Для современных исследователей дополнительные трудности в определении жанровых границ создаются и непонятностью многих содержащихся в стихах намеков, и сложностью отделения шутки от прямого обвинения, и невозможностью установить степень оскорбительности отдельных стихов. Вероятно, на этом основании наиболее авторитетные текстологи, в частности Финнур Йоунссон, составитель самого полного издания скальдической поэзии (2), относят к ниду все без исключения стихи, содержащие как разнообразные обвинения (в глупости, лживости, нечистоплотности и проч.), так и любого рода насмешки (например, застольные шутки по поводу блестящей лысины скальда и т.д.); к любовной поэзии (см. следующую главу) обычно причисляются все стихи, так или иначе упоминающие женщину. Известную последовательность проявляют авторы последних работ о скандинавской литературе, склонные не только считать нидом скальдическую хулу, но и включать в него поношения и издевки, в избытке содержащиеся в мифологических и героических песнях "Старшей Эдды" и в сагах (3). Таким образом, нид рассматривается не как определенный поэтический скальдический жанр, но как некая диффузная функция, индифферентная к степени и качеству формализованности.
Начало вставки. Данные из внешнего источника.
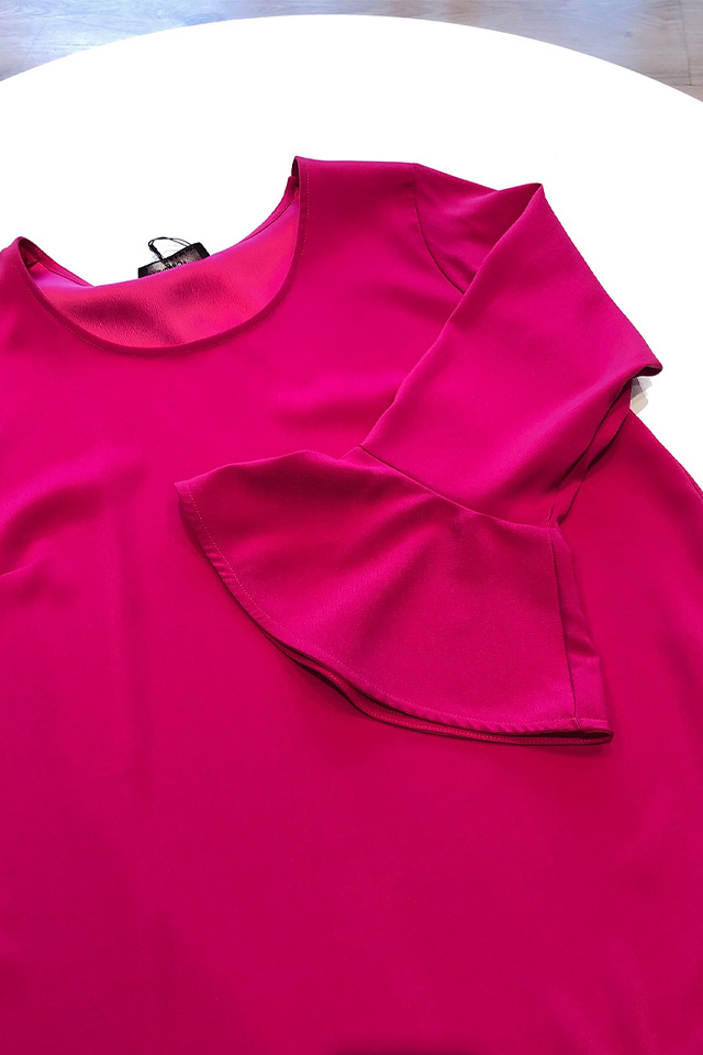Casacca dal taglio leggermente svasato con fondo stondato e manica con volant.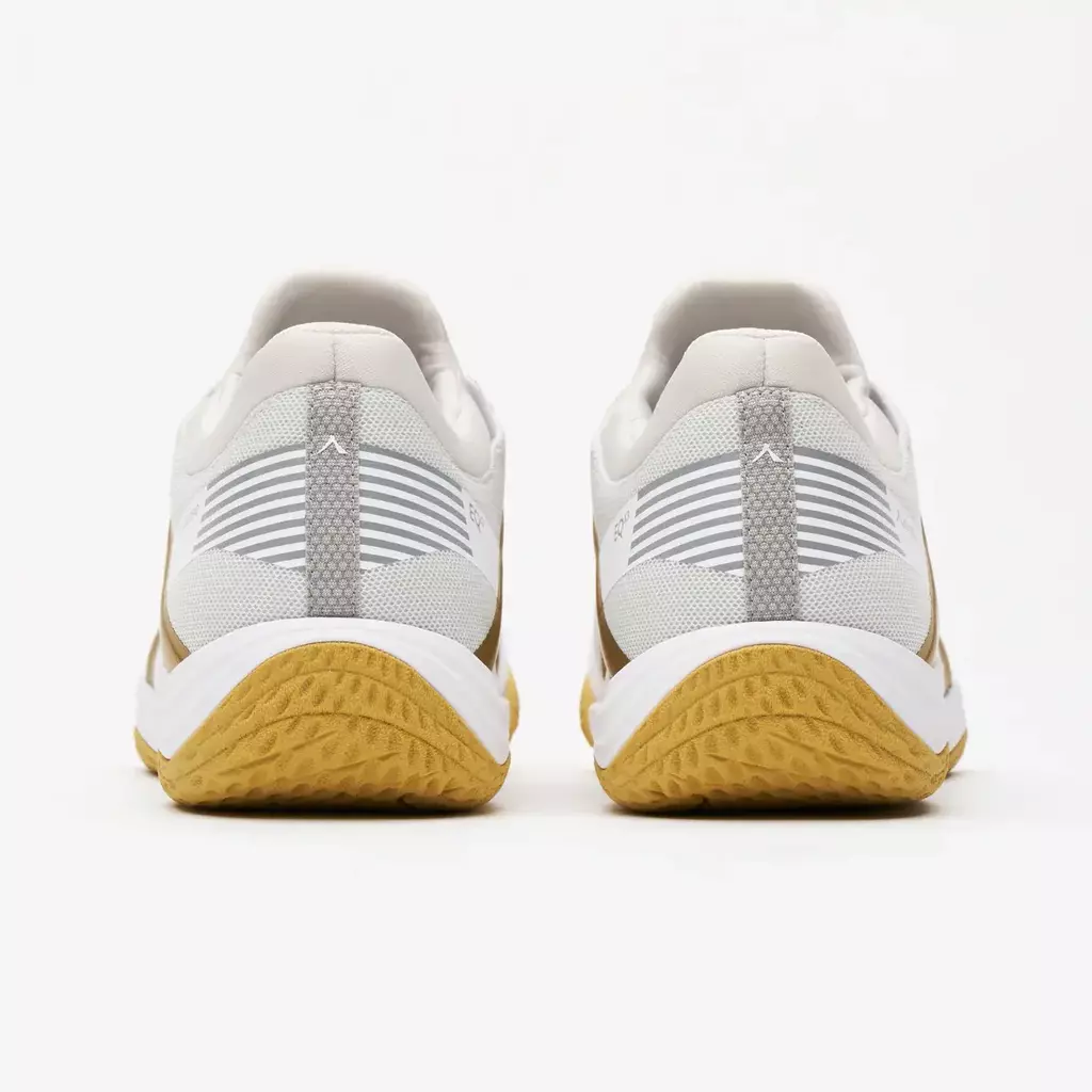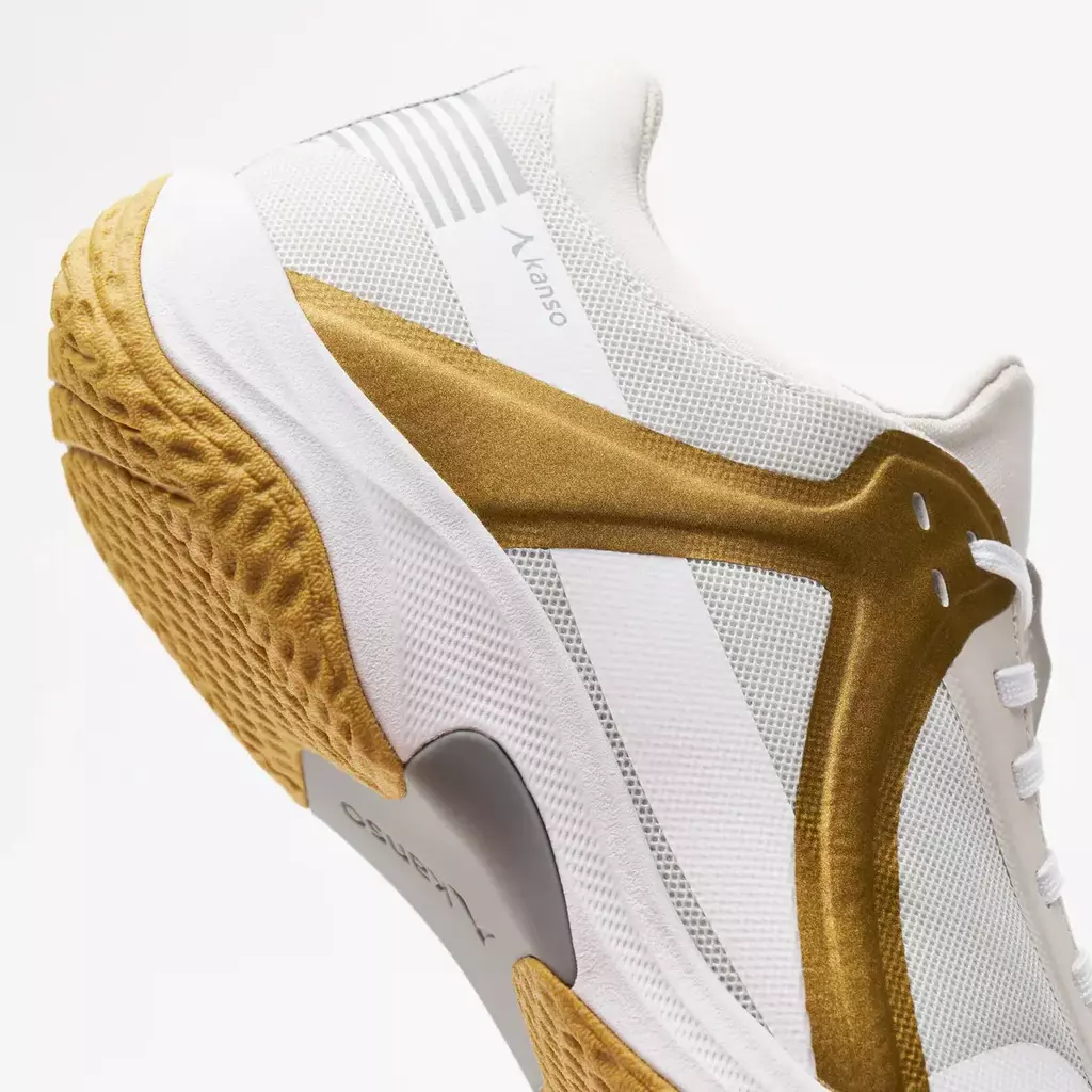 Copo de calcanhar moldado firme e ajustado ao lastro exclusivo da Kanso gera estabilidade para partidas rápidas e paradas durante a prática.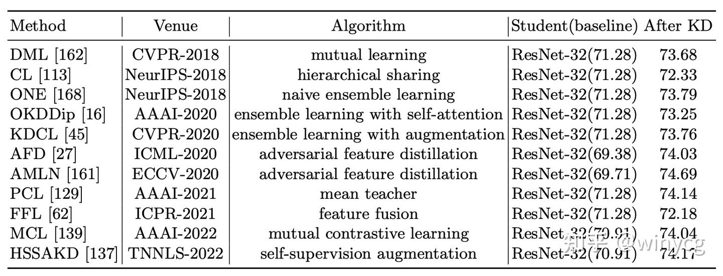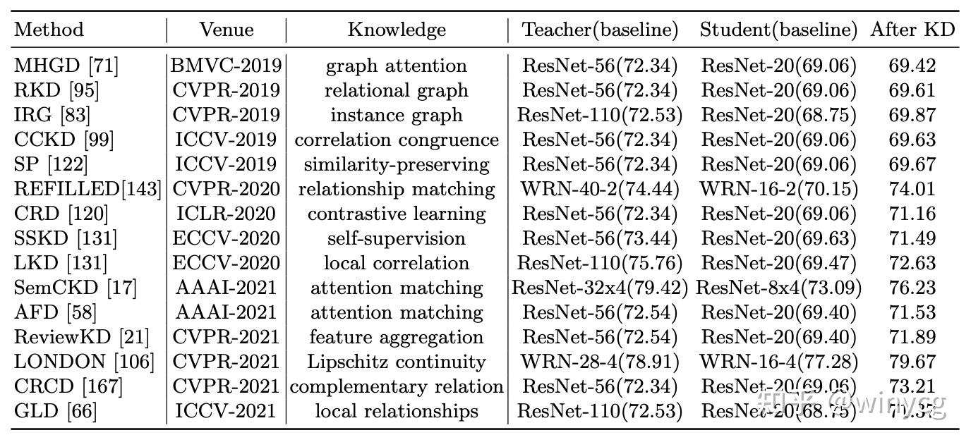 总结。我们在表3中对各种基于关系的KD方法进行了实验结果对比。不同于基于特征和基于响应的KD,基于关系的方法旨在捕捉各种样本或不同层之间的高阶关系。关系图捕获了整个数据集的结构化依赖关系。跨层特征关系对语义过程的信息进行编码。如何使用更有意义的节点转换和度量函数或聚合适当的层信息来建模更好的关系仍然是需要进一步研究的核心问题。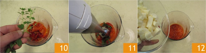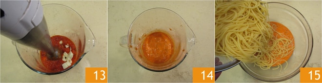 Tritura nuevamente 13 para mezclar bien 14. Una vez que la pasta esté cocida, escúrrela y condiméntala con la crema de pimientos 15.
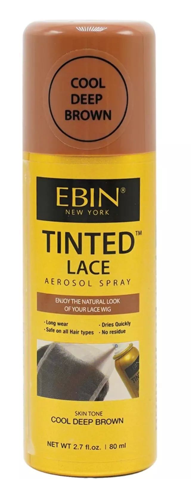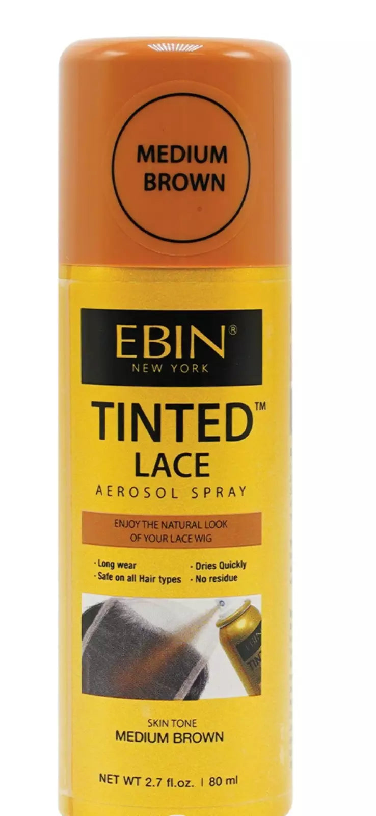 Find your perfect shade with our Tinted Lace. Tinted lace is an aerosol spray designed to give your lace wigs a more natural look. These quick, pigmented, and buildable sprays were formulated to match your skin tone and make the lace disappear. Your bleaching days are over, just spray & slay!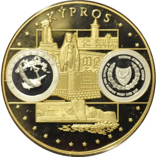 | Descripción del anverso | Kypros on the front, with 2 silver objects, surrounding images of Cyprus |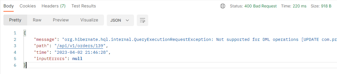 org.springframework.dao.InvalidDataAccessApiUsageException: org.hibernate.hql.internal.QueryExecutionRequestException: Not supported for DML operations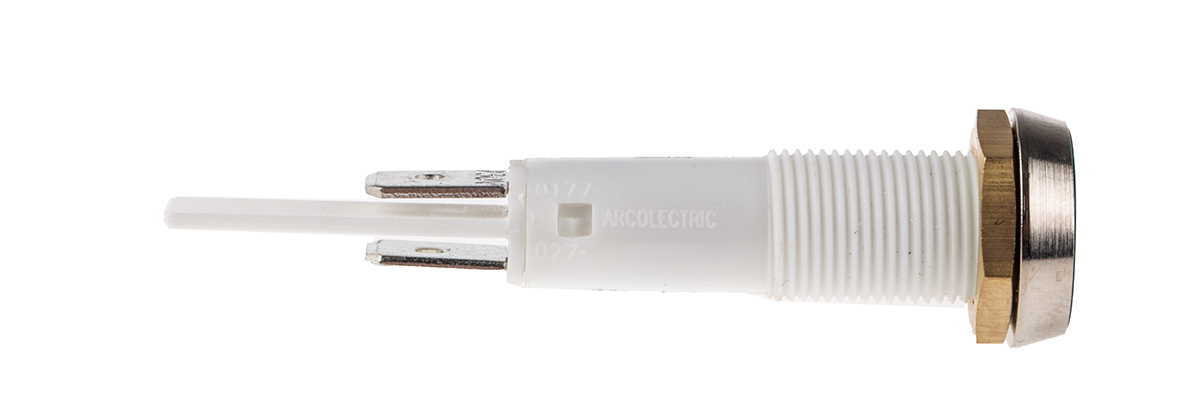 This is Green Neon Panel Mount Indicator 230V ac 10mm Mounting Hole Size manufactured by Arcolectric (Bulgin) Ltd. The manufacturer part number is C027500NBC. Regarding light output colour, it outputs green light colour. It is IP rated with ip67. Furthermore, the bezel has a classic silver colour. The product 0275, is a highly preferred choice for users. Its accurate length is 57.7mm. The bezel features a flush style. It carries a 230 v ac of voltage. The product is designed with a solder tab termination. It is offered with a standard 10 mm mount hole size . panel mount indicator is a versatile product designed to provide user-defined applications. It has a panel mount type mount .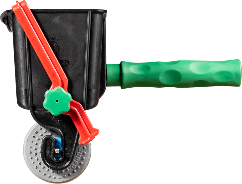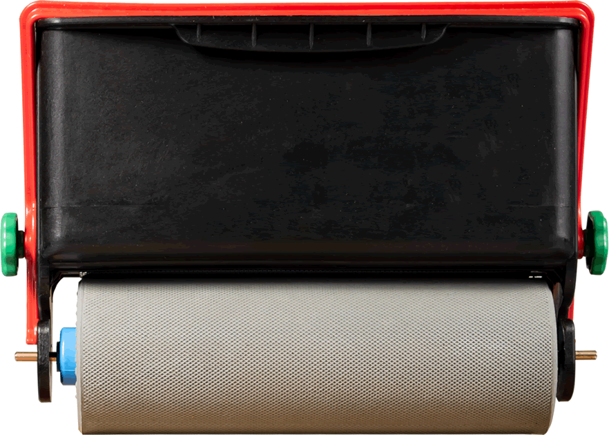 Punane vahtkummist rull – veega lahjendavate liimide pealekandmiseks; võimaldab liimitava pinna geomeetria hõlpsamat järgimist. Laiused: 75, 150 ja 200 mm.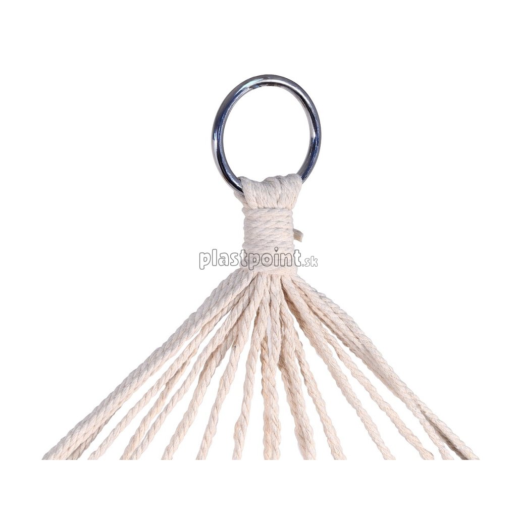 Outdoorová hojdacia sieť, upevniteľná pomocou dvoch závesných krúžkov.

Этот функциональный "интралитературный" подход, возможно, не вызвал бы существенных возражений, если бы из культурной модели мира средневековой Скандинавии были исключены многочисленные и вполне однозначные свидетельства памятников права, запрещающих сочинение нида под страхом суровейших наказаний. Данные древнескандинавских судебников заслуживают внимания прежде всего потому, что отражают обычное право, т. е. кодифицируют прецеденты, на которые следовало ориентироваться в аналогичных обстоятельствах. Трудно представить себе, что застольные забавы, ритуальный обмен шутками могли быть, по мнению составителей законов и их современников, столь серьезными проступками, чтобы повлечь декретированную судебниками кару. Следовательно, интересующий нас жанр должен быть прежде всего изучен в юридическом контексте, а также в непосредственном текстуальном окружении саги, комментирующей условия сочинения и раскрывающей смысл факультативно цитируемого стихотворного фрагмента.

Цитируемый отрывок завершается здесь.